THE BIKER AGREED TO SPEND 24 HOURS COMPLETELY ALONE AT THE BOTTOM OF THE OCEAN…

Part 3 👇 Ryan stared at the glowing keypad.

The station had never asked for his name before.

Yet now the steel door slowly unlocked with a deep metallic click.

He stepped inside.

The room was nothing like the rest of Abyss-7.

No laboratory equipment.

No machinery.

Only a circular chamber with dozens of video screens covering the walls.

Every screen showed the same thing.

Ryan.

Sleeping.

Eating.

Walking.

Looking out into the darkness.

Some recordings were from tonight.

Others…

Could not be.

One screen showed him with a beard he had never grown.

Another showed gray hair.

Another showed a scar across his face.

Years of different versions of himself.

He backed away.

“What is this?”

The older voice returned through the speakers.

“Compartment Echo doesn’t study the ocean.”

“It studies isolation.”

Ryan’s heart pounded.

“The company built Abyss-7 to learn how the human mind behaves when completely cut off from the world.”

“Every volunteer believed they were spending their first night here.”

“They weren’t.”

Ryan shook his head.

“That’s impossible.”

The screens changed again.

This time they showed dozens of previous caretakers.

Some lasted three hours.

Some lasted twelve.

One lasted nearly three days.

Every one of them eventually reached the same room.

Every one of them faced the same question.

A final message appeared across the largest screen.

IF YOU CANNOT TRUST YOUR OWN PERCEPTION… WHAT DO YOU CHOOSE TO TRUST?

Ryan closed his eyes.

He stopped looking at the monitors.

Stopped listening to the speakers.

Stopped reacting to every unexplained sound.

Instead, he checked the only thing he knew had never lied to him.

His dive watch.

It still ticked.

Second by second.

Steady.

Real.

He smiled.

“The station wants me to doubt myself.”

“It doesn’t control time.”

Only then did he notice the truth.

Every clock inside Abyss-7 had been manipulated.

Every recording had been edited.

Every strange announcement had been triggered by software designed to test decision-making under extreme psychological stress.

Even the mysterious knocking…

The engineers later demonstrated how tiny pressure changes in the station’s hull could reproduce those sounds through hidden resonance panels.

The figure outside the observation window?

A projection created by polarized glass and carefully positioned external lights mounted on maintenance drones.

There had never been anyone standing on the ocean floor.

As dawn approached, emergency communications suddenly returned.

The director’s voice came over the radio.

“Ryan… do you read?”

“I read you.”

A long pause.

“Congratulations.”

“You’re the first person who refused to let the station decide what was real.”

Hours later, after returning to the surface, Ryan learned the true purpose of the project.

It had never been about surviving the deep ocean.

It was about preparing astronauts, submarine crews, and disaster-response teams for environments where stress, isolation, and uncertainty could become more dangerous than the mission itself.

The fifty million dollars had never been a reward for enduring fear.

It was a reward for keeping his judgment when every piece of evidence seemed designed to make him abandon it.

Years later, the training protocol developed from Ryan’s experience became standard for crews preparing for the longest space missions ever attempted.

The final lesson given to every trainee came from Ryan himself:

“Fear isn’t the moment you hear the knocking.
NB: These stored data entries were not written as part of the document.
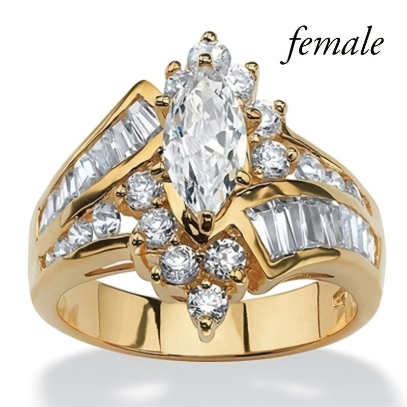 This stunning ring features an irregular marquise cut cubic zirconia inlaid design. It is plated with 18K gold and makes a perfect hand jewelry gift for women or men.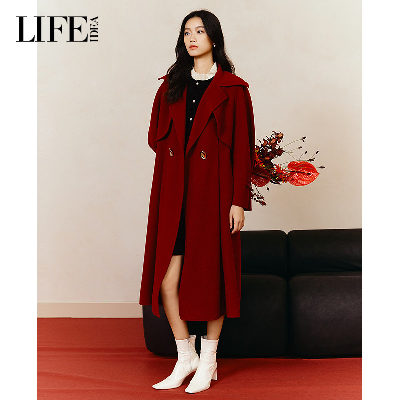LIFE·IDEA好运红长款毛呢大衣女双排扣直筒外套秋冬保暖显瘦外套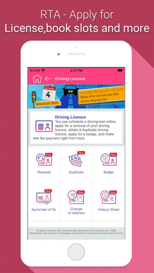 2. RTA Applications: Driving License, Learner License, Duplicate License etc
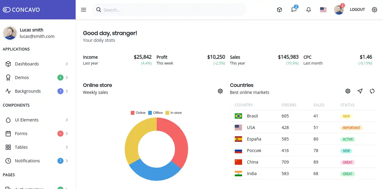Concavo Theme is simple. React, Redux, and Next.js are used to create this complex admin template using SASS. It includes more than 100 components in every layout, as well as widgets and custom-made reusable components to help you get started with your next React project or application quickly.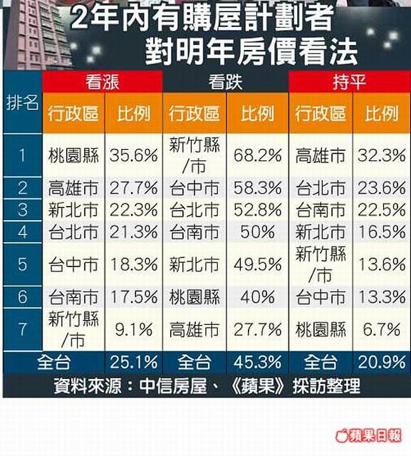中信房屋昨發表第4季「宅指數」,針對2年內想購屋的民眾調查,有45.3%的人看跌明年房價、看漲者僅25.1%,另有20.9%民眾認為明年房價持平、8.8%民眾沒有意見。對看跌民眾來說,最不看好的行政區為新竹縣市,有68.2%的民眾看跌,而看漲民眾中,則有35.6%的人看好桃園縣。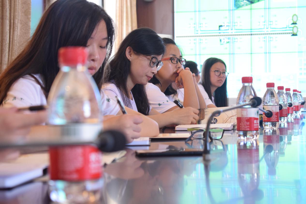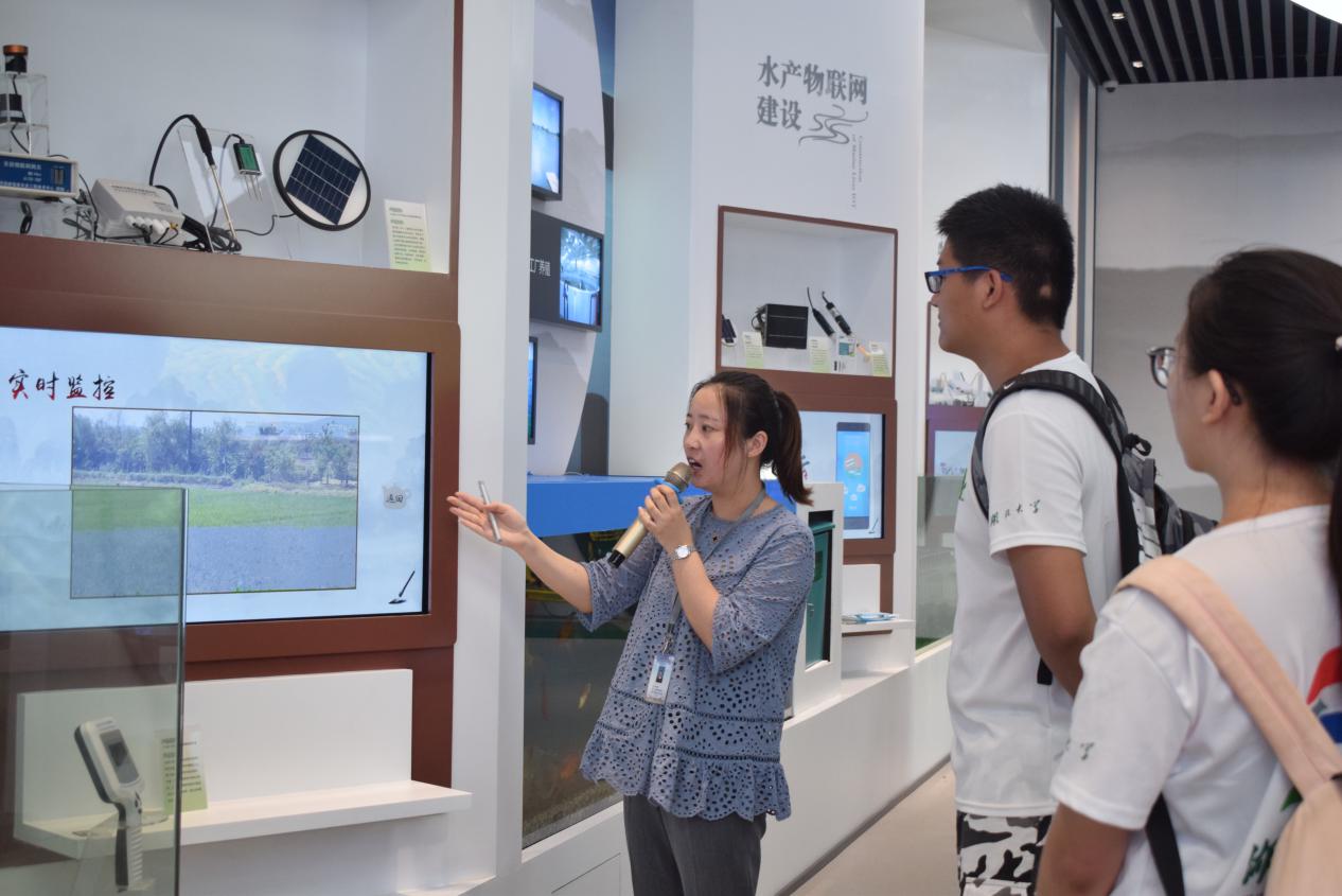 图为丁蜀·物联网小镇中心讲解员给队员讲解小镇不同形态农业使用的物联网技术和设备。

Fear is the moment you stop questioning whether the knocking is real.”

He was often asked what frightened him most that night.

The darkness?

The silence?

The mysterious figure outside?

Ryan always gave the same answer.

“The ocean didn’t scare me.”

“The possibility that I might stop trusting my own mind did.”

And that, he believed, was the deepest place anyone could ever be.